I would love to get your help regarding xarray and opening multiple netcdf files. I have several .nc files containing lat, lon, time as dimensions. The files give monthly atmosphere temperature from 1850-01 until 2100-12. Each file contains this data for a different climate model. Now I want to combine the files to plot a multi-model time series and have a look on the multi-model mean. Opening each file simply with xr.open_dataset works, but the open_mfdataset not. These are the files I want to open:

tas_Amon_CNRM-ESM2-1_hist_ssp119_r1i1p1f2_gr_185001-210012.nc

tas_Amon_CanESM5_hist_ssp119_r10i1p1f1_gn_185001-210012.nc

tas_Amon_EC-Earth3-Veg-LR_hist_ssp119_r1i1p1f1_gr_185001-210012.nc

tas_Amon_EC-Earth3_hist_ssp119_r4i1p1f1_gr_185001-210012.nc

tas_Amon_GFDL-ESM4_hist_ssp119_r1i1p1f1_gr1_185001-210012.nc

tas_Amon_GISS-E2-1-G_hist_ssp119_r1i1p1f2_gn_185001-210012.nc

tas_Amon_IPSL-CM6A-LR_hist_ssp119_r1i1p1f1_gr_185001-210012.nc

and so on...

I applied

import xarray as xr

xr.open_mfdataset('path/to/file/*.nc', concat_dim=time)

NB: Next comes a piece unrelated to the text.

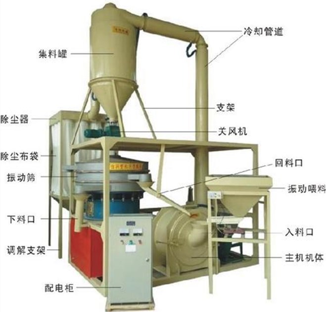 該鋁塑磨粉機(jī)是本廠自行研制的新型磨粉機(jī),其特點(diǎn)如下:
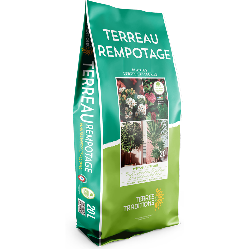 Terreau avec sable siliceux et perlite pour une meilleure rétention en eau et excellente aération des racines.

My first error was about files having different calendars (so the time dimension either is datetime64 or object - that is the format is datetime format in some files and in others it is in string format). After doing deep research regarding that problem and adding several functions and comments to xr.open_mfdataset (preprocess=..., combat_by, concat_dim, etc.) I was not able to convert the  time coordinate into the same format. I then found that with ncks -A -v time file1.nc file2.nc I can override the time coordinate of file2 with the time coordinate of file 1. Applying xr.open_mfdataset and concat_dim='time' to these new adapted files gives me a new error of "Every dimension needs a coordinate for inferring concatenation order". Now I am wondering if I have to bring the files on the same grid in order to be able to open them with xr.open_mfdataset?

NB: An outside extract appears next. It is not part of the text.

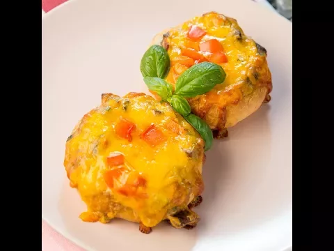- Top them with the mushroom mixture, shredded Cheddar and diced bell pepper.
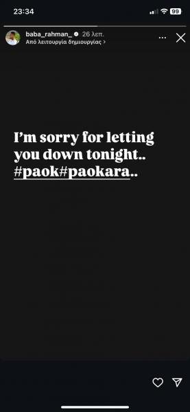 Ο Μπάμπα Ράχμαν, μέσω ανάρτησής του στο Instagram, ζήτησε δημόσια συγγνώμη για την αποβολή του στον αγώνα στο ΟΑΚΑ, η οποία κόστισε στον ΠΑΟΚ.

I also already tried to open only two files with the same time coordinate (datetime64) and it gives me the following error: ValueError: Could not interpret 'tas_Amon_EC-Earth3_hist_ssp119_r4i1p1f1_gr_185001-210012.' as a number

That makes me now very fuzzy that I do not get the errors away since a few days and thought, you know perhaps why these errors occur, or had already once a same error?

1

1 Answers

0
votes

You are aiming to merge multiple CMIP6 model outputs and combine them into an ensemble mean. I am not sure how to solve this using xarray, but this can be done in a few lines with my nctoolkit package, which uses CDO as a backend (read about the package here).

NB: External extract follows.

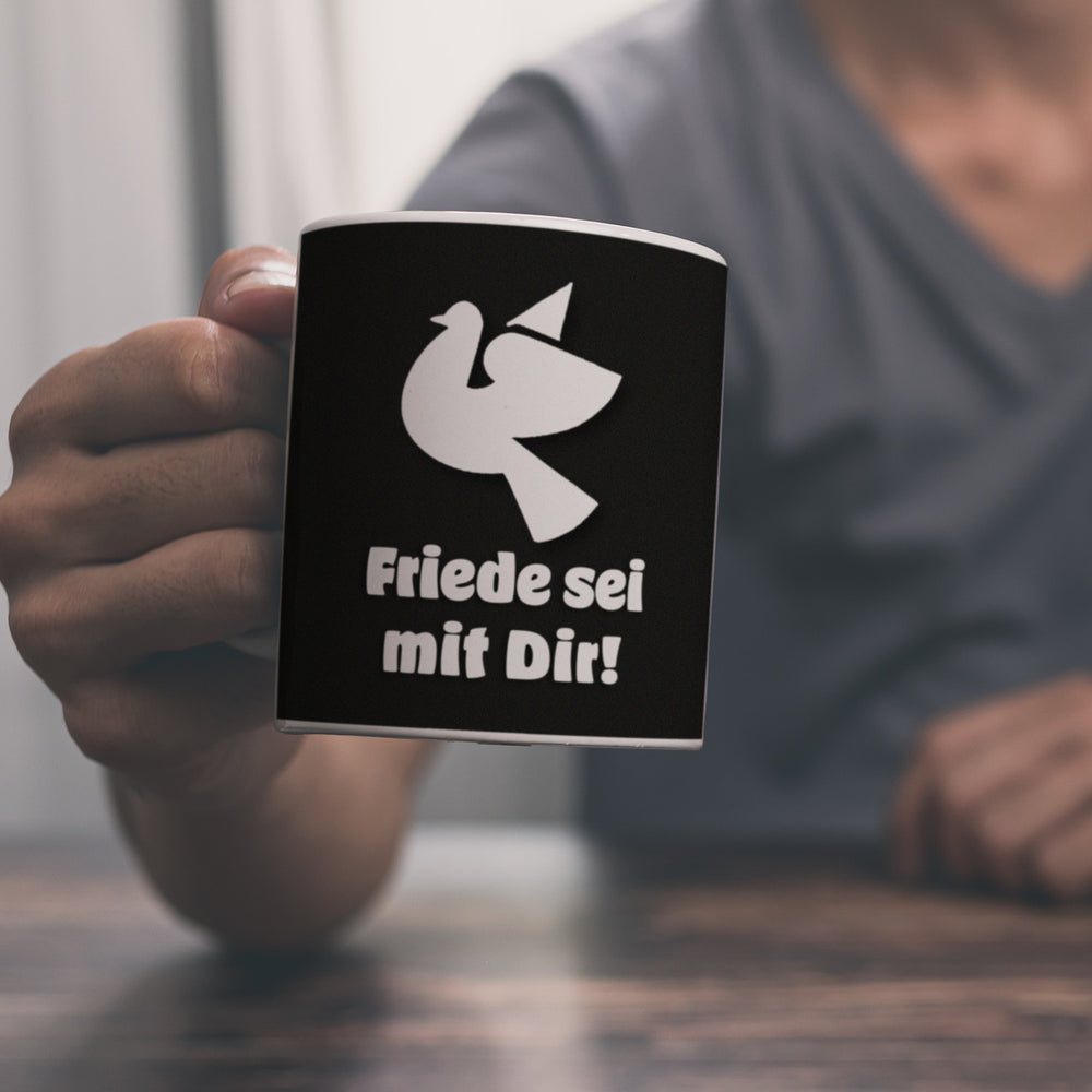 Friedenstaube Kaffeebecher mit Spruch Friede sei mit Dir -weiß

Based on the data, you have supplied, my guess is that you are working with more or less the raw data, with the historical and ssp data combined. This means the grids will be different. So you'll probably need to do the analysis in a couple of steps. First regrid to a common grid of your choosing. I've just used the first file in the ensemble below. Second you want to calculate the ensemble mean. The following should work problem free.

import nctoolkit as nc
ds = nc.open_data('path/to/file/*.nc')
ds.regrid(ds[0], method = "nn")
# Asssuming some of the files have more than one variable, you might need to do this
ds.select(variable = "tas")
ds.ensemble_mean()
ds.plot()
# if you want to convert from an nctoolkit dataset to an xarray dataset:
ds_xr = ds.to_xarray()